◆ Exercise directions
Output the exact lines that start at the one containing "Сегодня кто то" and continue to the last line of the entries below; do not output pictures.

== Records for this exercise

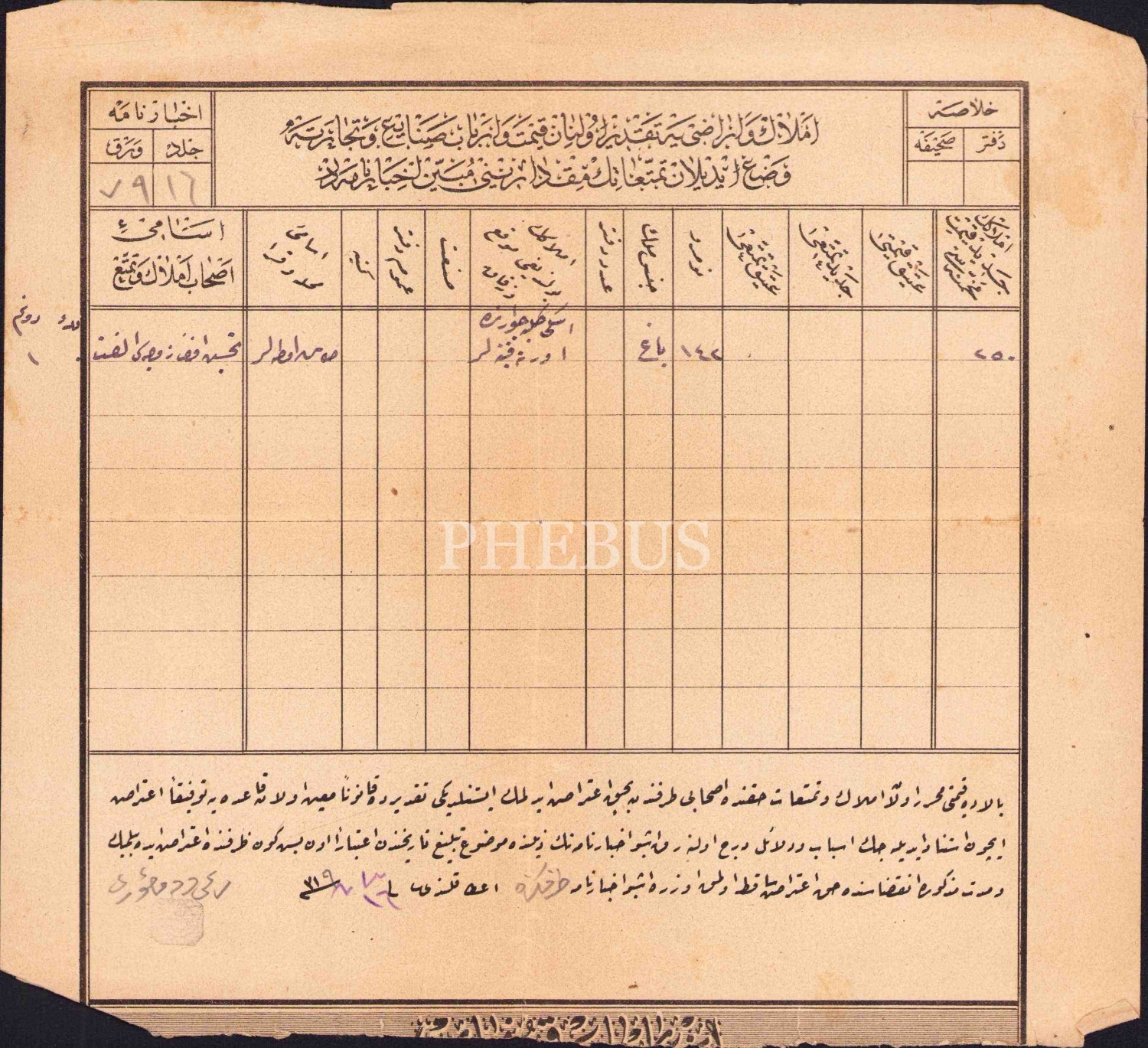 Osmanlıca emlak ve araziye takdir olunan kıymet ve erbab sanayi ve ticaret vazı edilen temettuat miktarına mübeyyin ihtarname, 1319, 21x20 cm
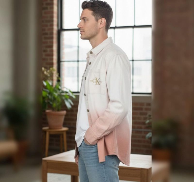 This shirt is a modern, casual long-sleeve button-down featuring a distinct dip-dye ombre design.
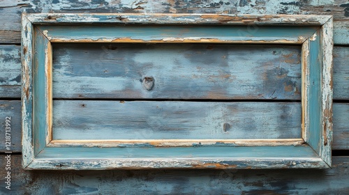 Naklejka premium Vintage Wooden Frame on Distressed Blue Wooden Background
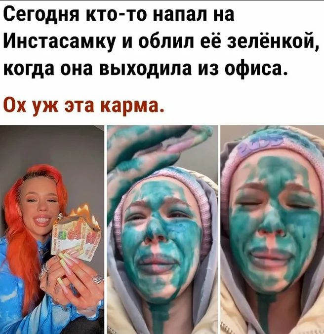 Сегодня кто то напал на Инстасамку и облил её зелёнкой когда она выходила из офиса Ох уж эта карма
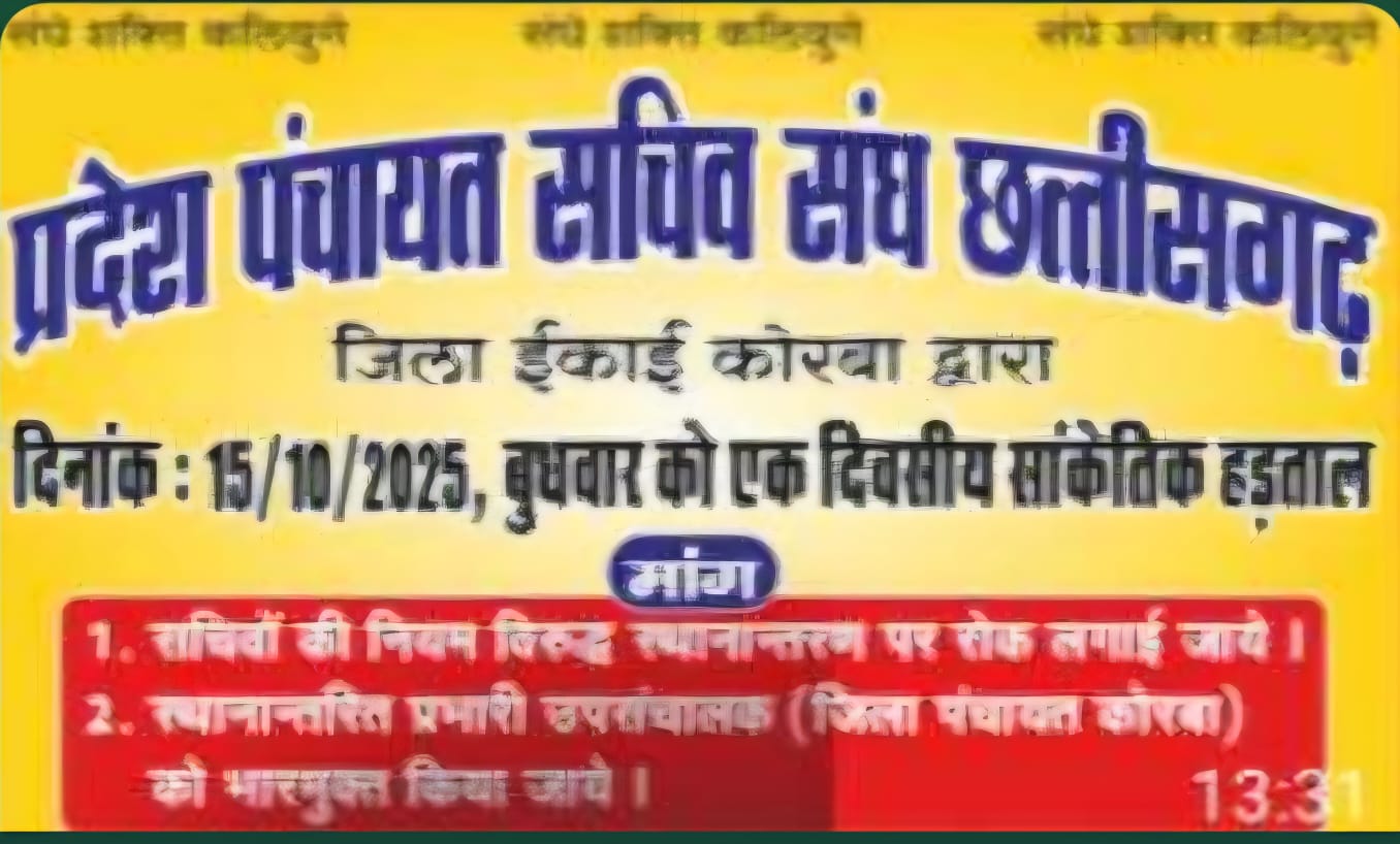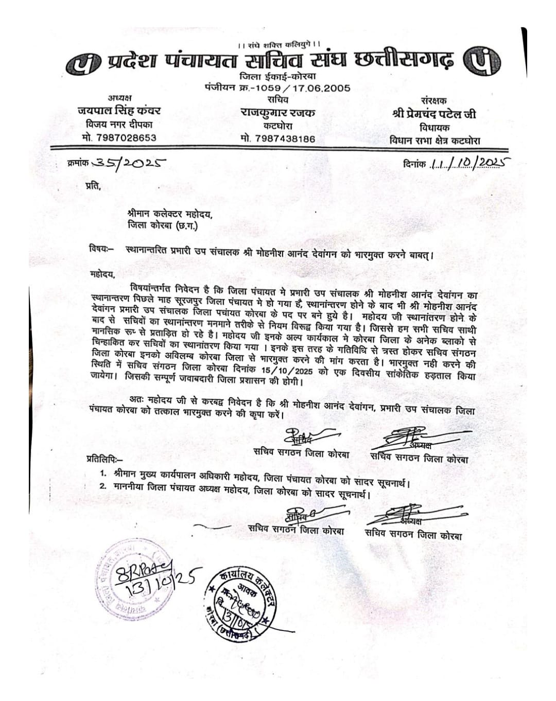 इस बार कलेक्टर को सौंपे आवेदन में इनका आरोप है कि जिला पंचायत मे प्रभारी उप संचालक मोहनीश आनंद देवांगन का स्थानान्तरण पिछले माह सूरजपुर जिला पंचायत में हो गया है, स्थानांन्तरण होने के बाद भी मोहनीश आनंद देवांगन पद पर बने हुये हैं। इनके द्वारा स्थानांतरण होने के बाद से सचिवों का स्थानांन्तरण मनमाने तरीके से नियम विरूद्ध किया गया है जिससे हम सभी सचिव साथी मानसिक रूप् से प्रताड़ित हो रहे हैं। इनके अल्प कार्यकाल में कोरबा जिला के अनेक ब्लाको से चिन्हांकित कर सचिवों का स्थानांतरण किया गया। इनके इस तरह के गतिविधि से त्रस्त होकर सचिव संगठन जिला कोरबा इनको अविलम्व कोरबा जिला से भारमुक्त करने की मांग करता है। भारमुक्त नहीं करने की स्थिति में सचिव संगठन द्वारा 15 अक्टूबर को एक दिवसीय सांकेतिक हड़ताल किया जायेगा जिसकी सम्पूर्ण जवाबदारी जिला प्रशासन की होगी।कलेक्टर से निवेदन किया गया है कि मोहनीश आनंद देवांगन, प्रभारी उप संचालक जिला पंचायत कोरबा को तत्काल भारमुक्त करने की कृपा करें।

====

◆ Your solution
 Сегодня кто то напал на Инстасамку и облил её зелёнкой когда она выходила из офиса Ох уж эта карма
 इस बार कलेक्टर को सौंपे आवेदन में इनका आरोप है कि जिला पंचायत मे प्रभारी उप संचालक मोहनीश आनंद देवांगन का स्थानान्तरण पिछले माह सूरजपुर जिला पंचायत में हो गया है, स्थानांन्तरण होने के बाद भी मोहनीश आनंद देवांगन पद पर बने हुये हैं। इनके द्वारा स्थानांतरण होने के बाद से सचिवों का स्थानांन्तरण मनमाने तरीके से नियम विरूद्ध किया गया है जिससे हम सभी सचिव साथी मानसिक रूप् से प्रताड़ित हो रहे हैं। इनके अल्प कार्यकाल में कोरबा जिला के अनेक ब्लाको से चिन्हांकित कर सचिवों का स्थानांतरण किया गया। इनके इस तरह के गतिविधि से त्रस्त होकर सचिव संगठन जिला कोरबा इनको अविलम्व कोरबा जिला से भारमुक्त करने की मांग करता है। भारमुक्त नहीं करने की स्थिति में सचिव संगठन द्वारा 15 अक्टूबर को एक दिवसीय सांकेतिक हड़ताल किया जायेगा जिसकी सम्पूर्ण जवाबदारी जिला प्रशासन की होगी।कलेक्टर से निवेदन किया गया है कि मोहनीश आनंद देवांगन, प्रभारी उप संचालक जिला पंचायत कोरबा को तत्काल भारमुक्त करने की कृपा करें।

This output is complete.